I think you'll need far better pics than that to get an accurate ID of any tree........ Close up of bark, leaf & description of habitat would help immensely....... but I do share your frustration.


----------



## J00x (Oct 28, 2016)

travelling-man said:


> I think you'll need far better pics than that to get an accurate ID of any tree........ Close up of bark, leaf & description of habitat would help immensely....... but I do share your frustration.


was hoping to get lucky and someone would be able to tell from the pics. Thanks


----------



## Pazcat (Mar 24, 2010)

Look a bit like Birch trees to me, then again they may not be.


----------



## J00x (Oct 28, 2016)

Pazcat said:


> Look a bit like Birch trees to me, then again they may not be.


Thanks


----------



## J00x (Oct 28, 2016)

Here are a few more pictures.


----------



## travelling-man (Jun 17, 2011)

It could well be birch or beech but you really need to wait until it's in leaf before you can make a positive ID. 

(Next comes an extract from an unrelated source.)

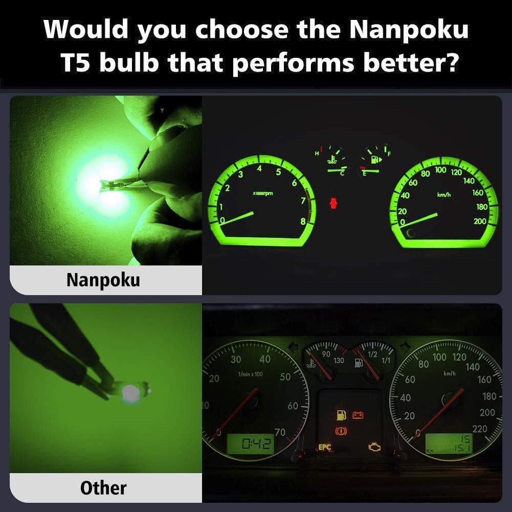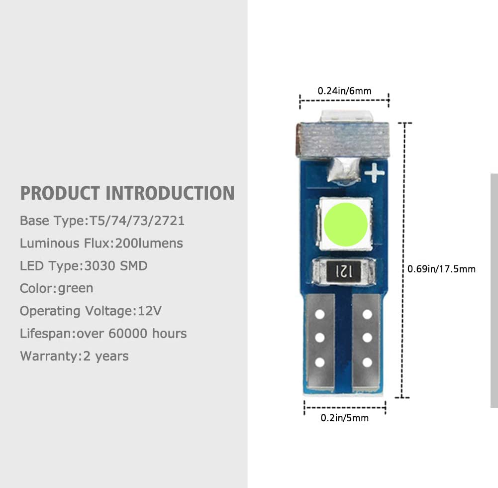 Nanpoku T5 Led Bulbs 74 73 37 2721 Led Bulb Canbus Error Free For Auto Car Dashboard Dash Instrument Panel Gauge Cluster Indicator Lights Lamp(Green)

https://en.wikipedia.org/wiki/Birch 

Probably easiest to give it a month or so & then take a smartphone to the tree & then look it up online whilst you're actually looking at the tree.


----------



## J00x (Oct 28, 2016)

travelling-man said:


> It could well be birch or beech but you really need to wait until it's in leaf before you can make a positive ID.
> 
> https://en.wikipedia.org/wiki/Birch
> 
> Probably easiest to give it a month or so & then take a smartphone to the tree & then look it up online whilst you're actually looking at the tree.


Ok thanks for the advice.


----------



## Veronica (Apr 5, 2008)

The bark does not look like Birch. It could be Beech though.


----------